Like several of our other topics, relational dynamics is a concept that can be separated into four individual parts but that can be fully appreciated only by the integration of all the parts working together in a dynamic fashion.

We briefly break down “relational dynamics” into its individual parts, and then present a case study that reflects the relative importance that each component below brings to a franchise system. The individual components of relational dynamics in franchising are:

  1. Wealth Creation: A view by each player about how the franchise system will help them become wealthy or at least will provide a market ROI. For some people, this is simply an income stream or the accumulation of assets. For others, it includes wanting to be in the industry they are involved with, the product or service they provide, the people they serve, their role in the business, and the degree of control in decision making.

  2. Communications: Franchising is a long-term contractual relationship facing many challenges because both people and markets change. Communication, both formal and informal, is at the core of a relationship flexible enough to last over time.

  3. The Brand: How do the franchisor and franchisee value the brand and their collective role in maintaining and building it?

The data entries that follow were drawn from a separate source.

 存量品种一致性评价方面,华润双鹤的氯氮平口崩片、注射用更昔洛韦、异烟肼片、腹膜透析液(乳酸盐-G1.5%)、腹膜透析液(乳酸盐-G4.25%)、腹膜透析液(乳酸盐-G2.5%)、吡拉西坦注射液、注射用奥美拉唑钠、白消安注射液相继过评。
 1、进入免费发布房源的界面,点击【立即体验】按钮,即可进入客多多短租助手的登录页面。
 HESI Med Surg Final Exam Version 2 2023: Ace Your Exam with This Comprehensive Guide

When there is perceived fairness in brand building, role definition, and execution, then the relationship remains healthy.

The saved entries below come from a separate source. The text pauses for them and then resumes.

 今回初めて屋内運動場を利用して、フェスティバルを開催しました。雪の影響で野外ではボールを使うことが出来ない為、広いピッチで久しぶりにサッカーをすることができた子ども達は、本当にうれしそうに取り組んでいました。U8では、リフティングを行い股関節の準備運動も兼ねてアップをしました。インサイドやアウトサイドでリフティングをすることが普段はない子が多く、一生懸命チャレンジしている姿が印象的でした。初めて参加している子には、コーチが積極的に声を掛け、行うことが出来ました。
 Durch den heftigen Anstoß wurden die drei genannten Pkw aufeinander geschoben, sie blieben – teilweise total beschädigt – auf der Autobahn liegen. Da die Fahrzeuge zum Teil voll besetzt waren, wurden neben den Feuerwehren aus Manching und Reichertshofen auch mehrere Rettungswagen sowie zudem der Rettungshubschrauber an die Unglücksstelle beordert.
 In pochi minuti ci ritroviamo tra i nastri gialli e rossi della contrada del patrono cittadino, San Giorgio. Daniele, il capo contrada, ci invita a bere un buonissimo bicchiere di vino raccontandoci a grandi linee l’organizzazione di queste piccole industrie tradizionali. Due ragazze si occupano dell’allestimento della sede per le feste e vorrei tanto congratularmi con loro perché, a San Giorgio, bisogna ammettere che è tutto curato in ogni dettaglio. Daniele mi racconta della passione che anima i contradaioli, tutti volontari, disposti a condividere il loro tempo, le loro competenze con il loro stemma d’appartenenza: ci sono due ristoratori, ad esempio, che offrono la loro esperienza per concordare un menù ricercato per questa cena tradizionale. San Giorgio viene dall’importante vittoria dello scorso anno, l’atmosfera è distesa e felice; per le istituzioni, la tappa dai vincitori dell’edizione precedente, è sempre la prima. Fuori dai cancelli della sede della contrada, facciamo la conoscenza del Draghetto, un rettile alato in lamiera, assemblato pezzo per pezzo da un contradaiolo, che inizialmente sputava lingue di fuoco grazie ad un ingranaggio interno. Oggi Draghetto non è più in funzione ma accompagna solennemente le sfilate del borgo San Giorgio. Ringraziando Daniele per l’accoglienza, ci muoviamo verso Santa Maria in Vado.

  4. Exit Costs: What happens when a franchisee becomes unhappy with the franchisor? He or she likely looks at the long-term value of the relationship versus the cost of exiting the relationship. That calculation is more measurable than you might expect.

Let’s look at each of these components more closely.

Wealth Creation

As we’ve stated numerous times throughout this book, one of the main reasons for becoming involved in franchising is wealth creation. With most license agreements averaging 15 years in length, we doubt anyone would become either a franchisor or a franchisee without the absolute expectation of creating long-term, sustainable wealth. In fact, of the more than 600 franchisees we surveyed, all of them expected the venture to create some personal wealth beyond their management salary. The trick, as if you could make it that simple, is to turn this great franchising idea into real wealth. Believe it or not, your success may rest not only on the quality of your product or service, but also on the quality of your partnerships with those you depend upon and those who depend on you.

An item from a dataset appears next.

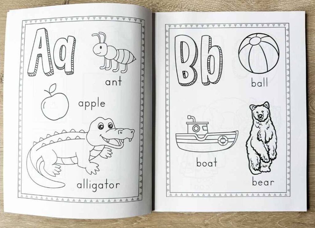 This Alphabet Coloring and Tracing Book is perfect for your young learner! Build early literacy skills in letter recognition, phonics with objects with same beginning sound, and tracing letters all while coloring!

The franchisee must make a series of investments in the franchise. The initial investment is disclosed in the United States through the Uniform Franchise Offering Circular (UFOC) and can range from a few thousand dollars to several million dollars. The operating results of the franchise are expected to provide a return on that investment. Often, over the life of a franchise agreement, reinvestment in property, plant, and equipment is required. Again, operating results need to support that additional investment.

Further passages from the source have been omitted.